Only one of every 15 mayoral candidates in Brazil’s capitals is a black woman

02.10.2020 - São Paulo, Brasil de Fato - Pressenza London

Only one of every 15 mayoral candidates in Brazil’s capitals is a black woman
"It reaffirms the racism and sexism of institutional white politics and the hetero patriarchy", says writer Bianca Santana - Eu voto em negra (Image by Brasil de Fato)

“It confirms the predestined path of the black woman within the white hetero patriarchy”, says writer Bianca Santana

Igor Carvalho / Translated by: Ítalo Piva
Only 20 black women are running for mayor in Brazil’s 26 state capitals in 2020. In relation to the total number of candidates (317), they represent 6.3%. When compared to the total number of black candidates (107) they account for only 18.6%.

For writer and journalist Bianca Santana, these numbers are “terrible” and are evidence of “the position black women have within political parties”.

“The fact that only a little over 6% of the mayoral candidacies in state capitals are black women, reaffirms the racism and sexism of institutional white politics and the hetero patriarchy, seeing as we represent around 25% of the population”, affirmed Santana.

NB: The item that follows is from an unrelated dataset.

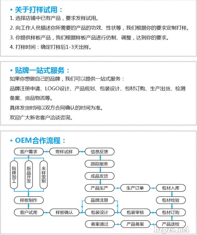 | OEM/加工方案: 1、【貼牌】可用您的品牌我來加工。 2、【仿樣】可按您的樣品我來加工。 3、【配方加工】可按您的配方我來加工。 4、【灌裝】可用您的外包裝、按您的要求量,我來灌裝加工。 5、【一站式】商標注冊、LOGO設(shè)計、包裝設(shè)計、包裝采購、產(chǎn)品定制、生產(chǎn)加工、代發(fā)貨。 6、【其他】可為您的要求找包材,印刷包裝盒、說明書和標簽做好設(shè)計和定購 |

Five leftist parties account for 55% of the total number of black women running for mayor in the state capitals. Another nine parties sum up the remaining 45%.

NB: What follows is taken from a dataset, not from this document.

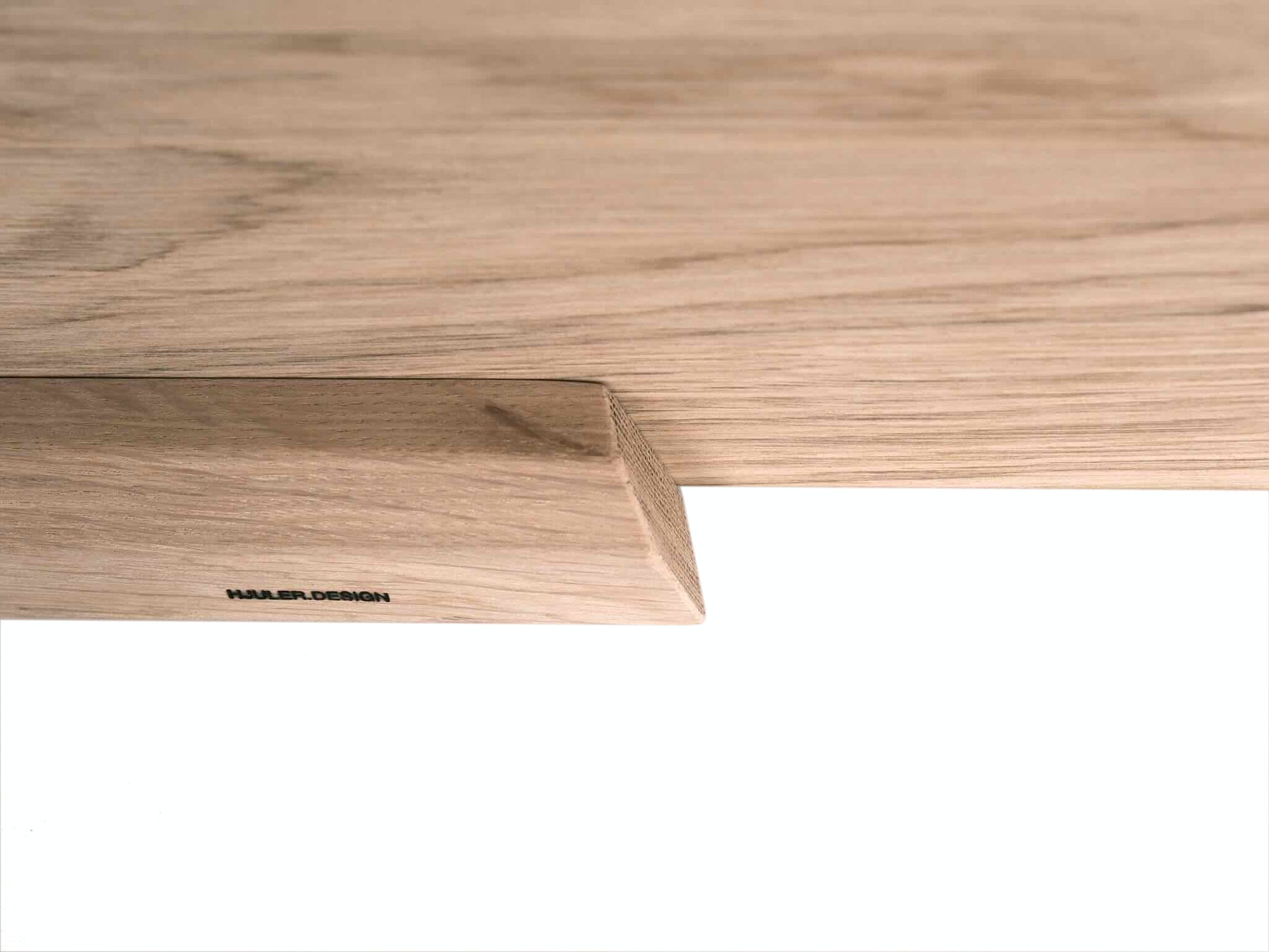 En meget enkel svævehylde, der nemt sættes ind den bjælke, som holder hylden fast til væggen med to skruer.

Therefore, out of the 33 political parties in the country, 19 have no female black candidacies in these mayoral contests. Santana highlights the fact that even in 2020, having black women running for city council with little to no support, is “the height of anti-racism in Brazilian politics”.

In 12 of the nation’s capitals, almost half of the entire country, there will be no black women running for mayor.

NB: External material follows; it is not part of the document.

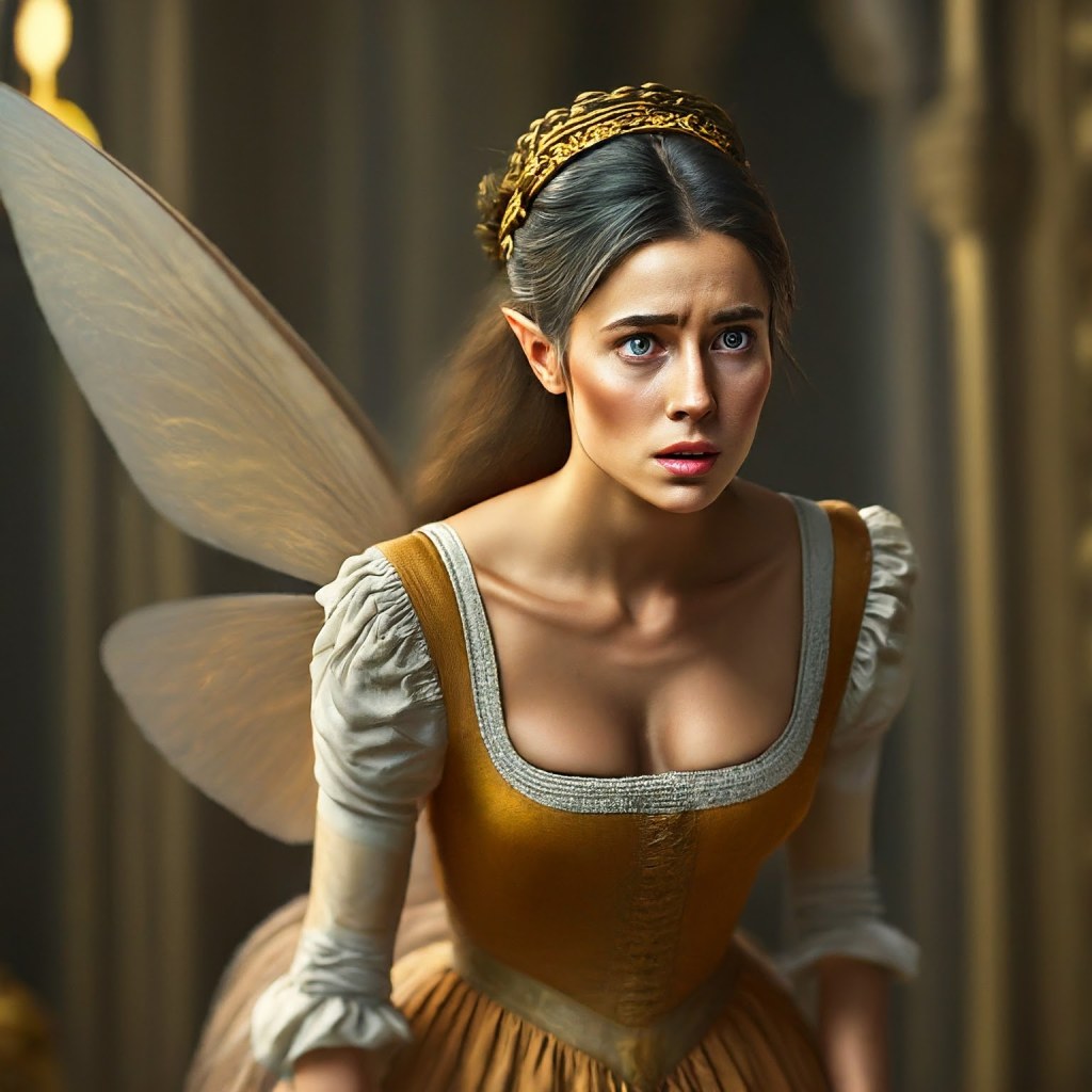 Lady Seraphina Dewwing, the delicate Fairy Chamberlain of Castle SLiberberg, flutters through the royal chambers with a perpetual air of nervousness. Her ethereal wings, translucent and delicate, carry her from one task to another as she maintains the royal quarters and guards the closely held secret of King Fredrick’s melancholy. Lady Seraphina is easily flustered, and if caught off guard, she tends to fly straight up into the ceiling, hitting her head, only to gently fall back down to the floor.

The city that has the largest number of black female candidates is Rio de Janeiro (RJ), with 3 women, Benedita da Silva, Renata Souza and Suêd Haidar in the race.

According to Bianca Santana, the candidacies of Áurea Carolina in Belo Horizonte, the state capital of Minas Gerais, Olívia Santana in Salvador, in the state of Bahia, and that of Renata Souza in Rio de Janeiro, “give us a little hope” because of their commitment to the feminist and anti-racist struggle, however, “the 6% figure makes it clear that we have a long road ahead”.